On Wed, Feb 19, 2014 at 5:57 PM, John Dill <john.d...@greenfieldeng.com> wrote:
>>Message: 6
>> Date: Wed, 19 Feb 2014 17:24:11 -0500
>> From: Evan Huus <eapa...@gmail.com>
>> To: Developer support list for Wireshark <wireshark-dev@wireshark.org>
>> Subject: Re: [Wireshark-dev] displaying header field without filtering
>> capability
>> Message-ID:
>>
>> <CAOYNdEKkYZmjZUZ28tjJdgKnO+_qvEu2YYMOCXmAPZhHbBKO=a...@mail.gmail.com>
>> Content-Type: text/plain; charset=ISO-8859-1
>>
>> You could use proto_tree_add_text but that is strongly recommended
>> against.
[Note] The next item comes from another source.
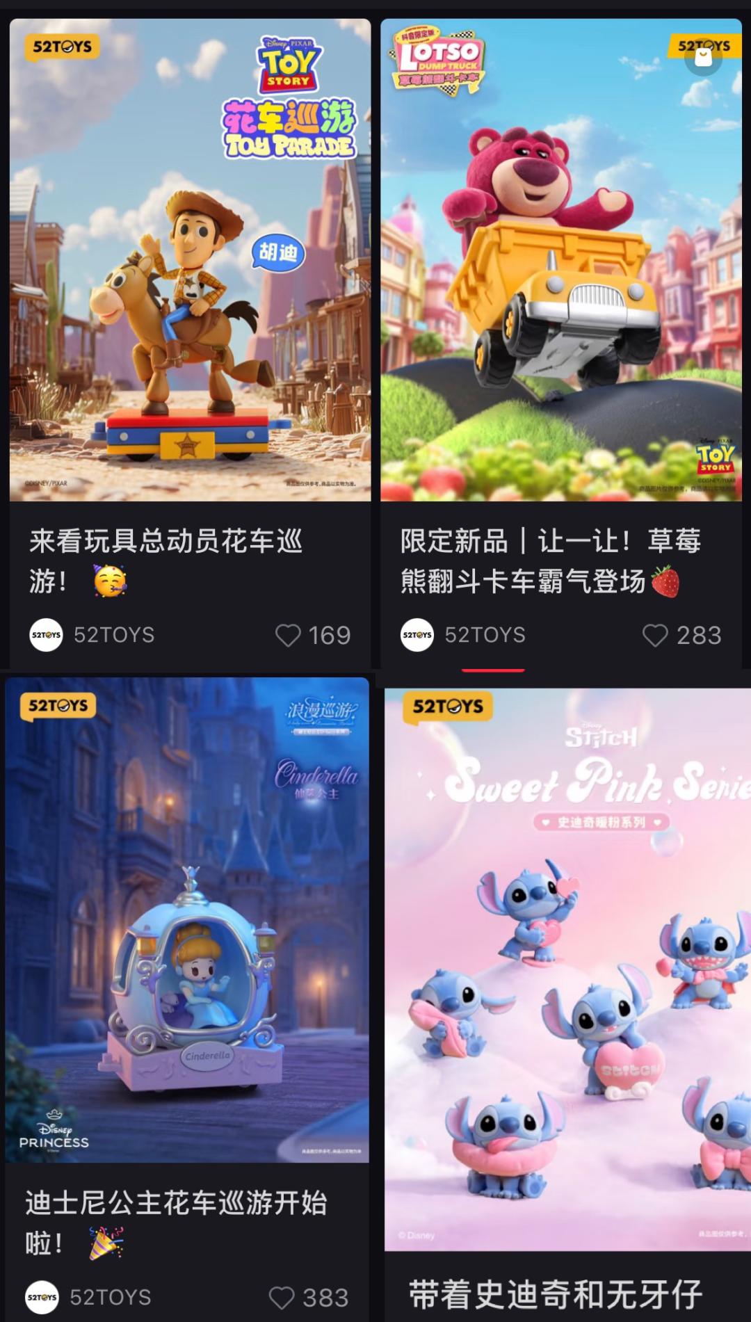 同时,早在2018年,52TOYS 就和迪士尼开启了授权合作,从迪士尼公主、冰雪奇缘,到复仇者联盟、草莓熊、史迪奇,一款款产品做下来,不仅摸清了迪士尼 IP 的受众喜好,更建立起了稳固的信任。

Why do you want to explicitly disallow filtering?
>
> Because there are several dozen messages (in the first subset I'm working on,
> there are several hundred messages total) with any number of arbitrary placed
> Spare bytes to make some data elements in these messages aligned at multiples
> of 4, and these Spare entries would clog up a decent amount of space in the
> filter expression dialog.
You can reuse a single "spare" field for all of these bytes, and they
would only cause a single entry in the filter expression dialog. I
suspect this is the best answer.
>> If the
>> field is reserved and not important you could just not add any item at
>> all, and skip that byte entirely...
>
> As part of the validation process for this development effort, they want to
> see a verbatim rendering of all the data elements and padding bytes in the
> Packet Details referenced against an external standards document. Eventually
> I'll include a preference in the plugin to visualize these Spare bytes or not.
>
> I was able to do something like the following that seems to do what I want.
>
> proto_tree_add_text(tree, tvb, offset + 1, 1, "Spare: 0x%02x",
> tvb_get_guint8(tvb, offset + 1));
>
> Can you explain in more detail why this is "strongly recommended against"?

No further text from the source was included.